That's the problem -- it's a web log that contains a URL that could have
literally anything in it.  Anyone could put a base64 value as a random
query parameter.  I could have the M/R job ignore all fields that I don't
explicitly expect, but that's not very flexible and prevents me from
spotting possible abuse or user-error.  Is there any way for me to disable
ES's type-guessing or to provide a default guess?  I'd rather have ES
default to a string than to fail a M/R job because its type-guess was wrong.

Brian


On Thu, Mar 20, 2014 at 12:26 PM, Costin Leau <[email protected]> wrote:

> Then what you could do is to minimize the bulk size to say 100 documents,
> turn on logging and run your data through.
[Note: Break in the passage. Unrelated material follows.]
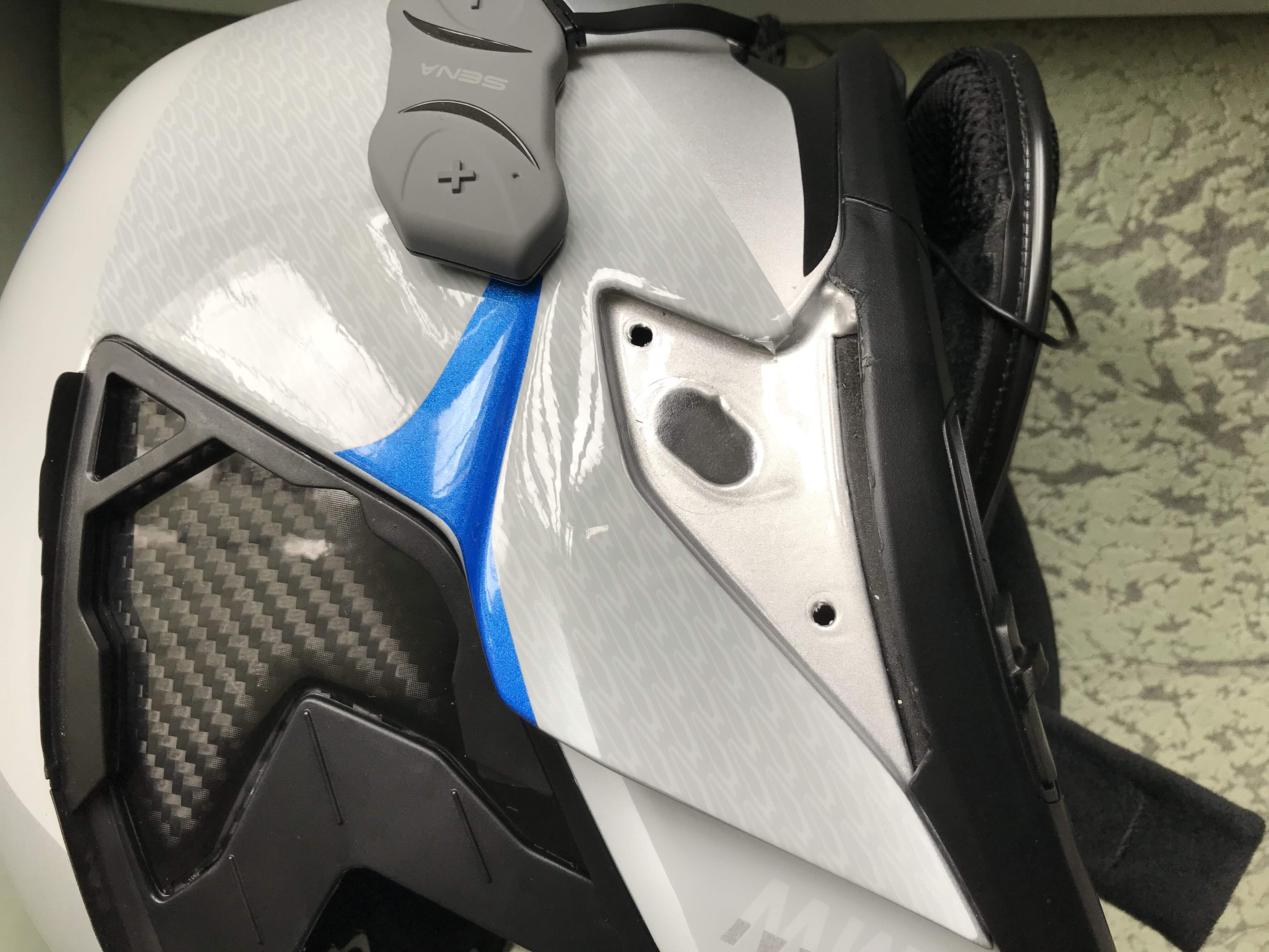 Аккум легко ставится в полость на задней части шлема, заглушку вообще не откручивал, просверлил отверстие в заглушке для прохода разъема 5 мм и прилепил такую Сену на заглушку сверху. Не усложняйте себе жизнь ))

> This way you can catch the 'special' document in the act.
>
> As for expectations - Elasticsearch tries to guess the field type by
> looking at its value - it seems the base64 entry looks like a date, hence
> the error. You can avoid this by defining the field (either directly or
> through a template) in your mapping so it always gets mapped to a string.
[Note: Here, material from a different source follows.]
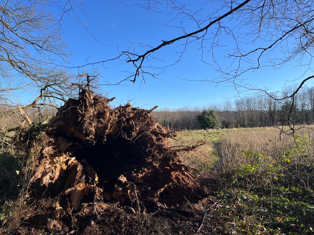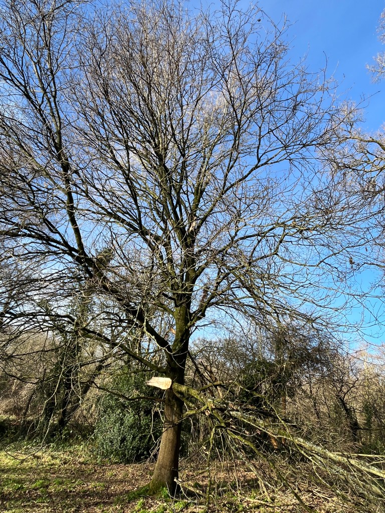 As I approached Moreland’s Meadow, I found myself getting tense. I realised, I was worried about the stand of very mature oaks and the single massive chestnut just beyond the stile. Thankfully most were still standing. But a number of the oaks at the edge or further out in field had either fallen, or were badly injured, their torn limbs and exposed heartwood searingly visible from a distance. All I could do was walk among them, touch their bark and whisper “sorry”. It felt like the loss of old friends. Another woman walking her dog stopped to commiserate with me. “I knew you were upset by your face,” she said to me, “it’s really sad.”

> As a rule of thumb, whenever you want full control over the index, mapping
> is the way to do it.
>
>
>
> On 3/20/14 6:10 PM, Brian Stempin wrote:
>
>> I have unit tests for this MR job, and they show that the JSON output is
>> a string as I'd expect, so Gson is most likely
>> not the cause.
>>
>> I'm hesitant to show more code (owned by the work-place), but I can
>> describe it a little bit further:
>>
>>   * The mapper gets a W3C log entry
>>   * The log entry is broken into its components and put into document X
>>   * The request URL is then taken and broken down into its query
>> parameters and the key-value pairs are put into document Y
>>   * Some elements are then explicitly filtered from X and Y
>>   * Those two documents are placed inside of document Z, which is
>> ultimately what is serialized and sent to ES
>>
>>
>> We do have a base64 encoded param that we expect and handle
>> appropriately.  In this case, someone most likely sent it as
>> the wrong param name, hence why its making its way into document Y
>> without further processing.  Since its being sent as
>> a name that's not listed in the mapping, I expect it to just be treated
>> as a string.
>>
>> The only reason that I chose to go the Gson route vs building
>> MapWritables is that building MapWritables is terribly
>> verbose.  Also, it comes with the overhead of having to wrap each String
>> with a Text type, which just seems silly.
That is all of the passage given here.